Quel sabato mattina, il 23 gennaio 2010, una Favara ancora sonnecchiante per la giornata pre festiva, viene svegliata di soprassalto, ancora incredula per la notizia che in pochi minuti aveva fatto il giro del paese. “E’ caduta una casa “o Carminu”, sotto c’è un’intera famiglia. L’amara realtà di una tragedia che cambierà la storia di Favara si consuma in via del Carmine dove una fatiscente palazzina si sbriciola su se stessa travolgendo un’intera famiglia. Carabinieri, Vigili del fuoco, Polizia municipale e tanti volontari scavano con le mani, li guida Giuseppe Bellavia, il volto insanguinato e la rabbia in corpo perché sotto le macerie della sua casa, ci sono i suoi tre figli, mentre lui e la moglie ne sono usciti indenni.
Sul luogo della tragedia arrivano l’arcivescovo don Franco Montenegro, il prefetto Postiglione, il sindaco Mimmo Russello, tutti con il fiato sospeso a seguire l’azione dei soccorritori. Giovanni, il maschietto, viene estratto malconcio ma vivo, per le due sorelline Marianna e Chiara Pia la sorte invece è stata crudele. Sono morte entrambe sotto le macerie di quella casa che invece le doveva proteggere. Tutta la città partecipa ai funerali che il pastore della chiesa agrigentina, in segno di protesta non celebra. Quelle delle sorelle Bellevia “è stata una morte annunciata” ha gridato con rabbia don Franco.
Una vicenda fa il giro d’Italia, è ripresa da tutti i mass media nazionali che in forza arrivano a Favara per raccontare la tragedia di via del Carmine e la morte della piccole sorelle Bellavia, ma anche per denunciare il fatto che ci sono decine, centinaia di famiglie che abitano in tuguri e case vecchie, semi diroccate, mentre nuovissime palazzine di edilizia popolare restano vuote. La Procura della Repubblica apre un’inchiesta. Si fa uno screening del centro storico favarese. I numeri che vengono fuori sono davvero drammatici, centinaia di abitazioni vengono segnate con il rosso, sono da mettere in sicurezza o meglio da abbattere. Iniziano le demolizioni, si erigono muri e si chiudono strade e interi quartieri. Ci sono anche circa 50 sfollati che vengono sistemati al Boccone del povero e in altre strutture. Favara non è più la stessa, impossibile accedere ad interi quartieri. Ma il cambiamento non è solo urbanistico.

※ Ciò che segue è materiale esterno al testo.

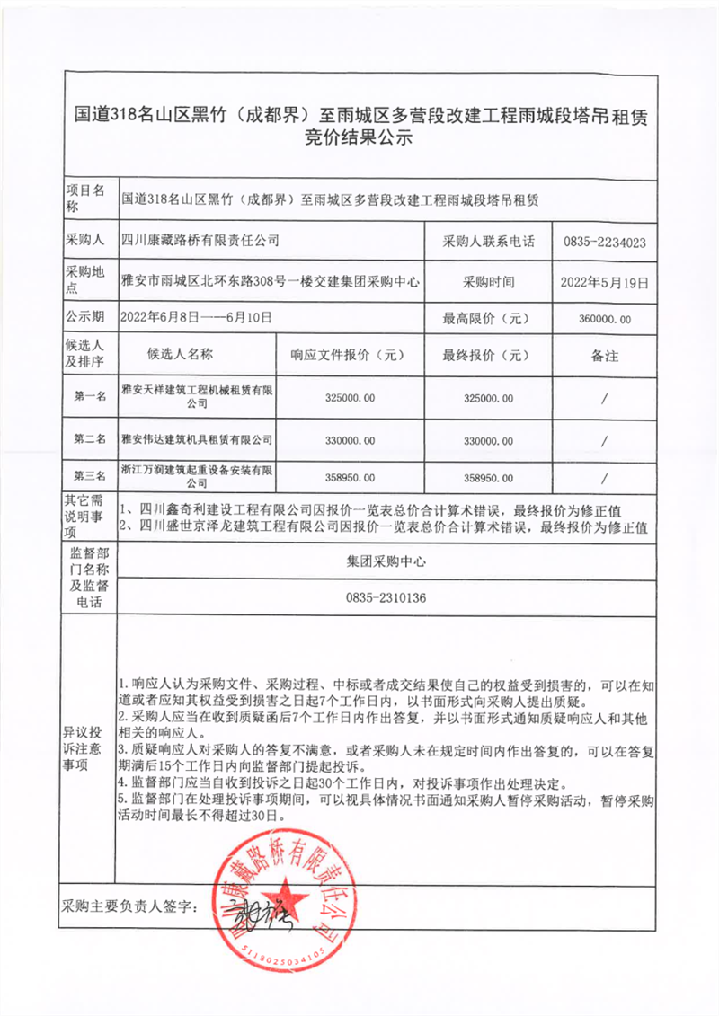 四川康藏路橋有限責(zé)任公司國道318名山區(qū)黑竹(成都界)至雨城區(qū)多營段改建工程雨城段塔吊租賃競價結(jié)果公示

La tragedia del 23 gennaio 2010 cambia anche la storia della città. A distanza di poco più di un anno, nel marzo del 2011, la Procura della Repubblica chiude le indagini e mette sotto accusa sindaci, tecnici comunali, proprietari della casa. Senza un attimo di esitazione, il sindaco Mimmo Russello, in seguito assolto con formula piena, si dimette, arriva il commissario regionale e si va alle elezioni anticipate.
Intanto si succedono i crolli, le demolizioni, il centro storico si trasforma, dove prima c’erano case vecchie e cadenti adesso ci sono macerie o immensi spazi vuoti e recintati a seguito delle demolizioni. Arriva la casa nuova per la famiglia Bellavia grazie ad una raccolta di fondi e l’intervento della Prefettura. La vita continua anche se il cuore sanguina e non si rimarginerà mai per la perdita dei suoi due angioletti, Marianna e Chiara Pia. Il luogo della tragedia è ancora la circondato da mura e stretto da un impalcatura di ferro. Solo recentemente si è concretizzato un progetto di riqualificazione urbana con edilizia popolare e altri interventi di urbanizzazione.
A 10 anni di distanza quella cartolina purtroppo si è sbiadita, i ricordi si sono affievoliti e si allontanano sempre di più. Ma quel 23 Gennaio 2010 non può e non deve cadere nel dimenticatoio. Da lì, grazie soprattutto a diversi privati illuminati e desiderosi di riscatto, ha preso forma la rinascita di Favara che ha portato alla nascita di Farm Cultural Park, Belmonte hotel prima e Alba Palace ora, alla riapertura del Caffè Italia e al nascere di nuovi locali in piazza Cavour, alla ristrutturazione di vecchi palazzi: Cafisi, Federichello, Coppola; Quid vicolo Luna ed altri antichi scorci del centro storico. C’è bisogno di crederci ancora, di un nuovo slancio e soprattutto dell’intervento pubblico che attendiamo da troppo tempo.